Les dirigeants européens, cherchant à punir la Russie pour les rapports de atrocités commises en Ukrainea approuvé jeudi une interdiction du charbon russe, la source d’énergie importée qui serait la plus facile à remplacer.
Initialement prévue pour mercredi mais retardée par de longues délibérations entre responsables de l’Union européenne, la dernière série de sanctions du bloc comprenait un plan de coupure du charbon russe sur quatre mois. La proposition initiale avait suggéré un retrait plus court, de trois mois.
Le léger ralentissement du processus décisionnel reflète les difficultés rencontrées pour parvenir à un accord entre les 27 pays membres sur les sanctions, d’autant plus que certains pays du bloc sont plus dépendants de l’énergie russe que d’autres. Les sanctions doivent être approuvées par tous les États membres.

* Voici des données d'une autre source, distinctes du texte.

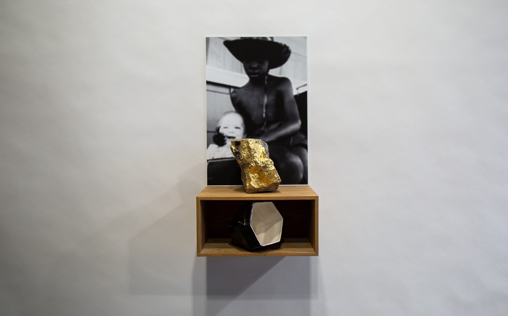 Reflecting upon my foster brother who I lost touch with. I went to the site of our early youth (Camden, New Jersey), and retrieved a fragment of the crumbling street that I then gilded, and placed like a relic within an oak altar form, a print of the only image I have of the two of us as children, a ceramic form, cast, glazed cracked and repaired with gold and lacquer in the Japanese tradition of kintsugi; when a state of brokenness is repaired with precious metals, our flaws cherished and celebrated.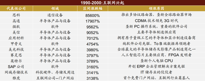 这个阶段,移动通信技术革命以及云计算兴起背景下,出现了类似于互联网大爆发时代下的景象,即大部分相关领域的龙头科技公司涨幅均超过了 5 倍。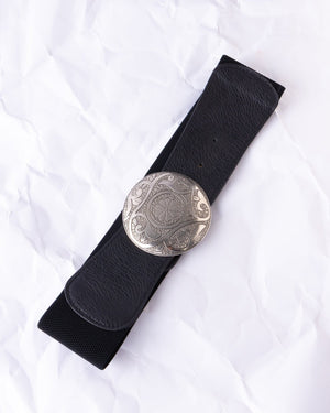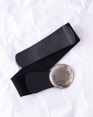 Make a bold waist-cinching statement with this wide belt, featuring a striking vintage-inspired medallion buckle that instantly elevates any look. Perfect for layering over dresses or knits, it’s the kind of accessory that turns a simple outfit into a moment.

Et on craignait que la coupure de l’approvisionnement en charbon ne cause plus de tort à l’Union européenne qu’à la Russie. Bien que l’Union européenne dépende du charbon russe, le bloc pourrait le remplacer plus facilement par des importations d’autres pays qu’il ne pourrait remplacer le gaz naturel et le pétrole. Mais l’interdiction du charbon en Russie pourrait faire grimper les prix de l’énergie pour les consommateurs européens, compte tenu des pénuries existantes dans le bloc, selon Rystad Energy, une société de conseil. Carlos Torres Diaz, vice-président senior de Rystad, a qualifié les sanctions potentielles “d’épée à double tranchant”.
Les importations en provenance de Russie représentaient 47% du charbon entrant dans l’Union européenne en 2019, selon l’office des statistiques de l’Union européenne, Eurostat, faisant du pays le plus important fournisseur de combustible. Cela représente quatre milliards d’euros de charbon par an, a déclaré Ursula von der Leyen, présidente de la Commission européenne.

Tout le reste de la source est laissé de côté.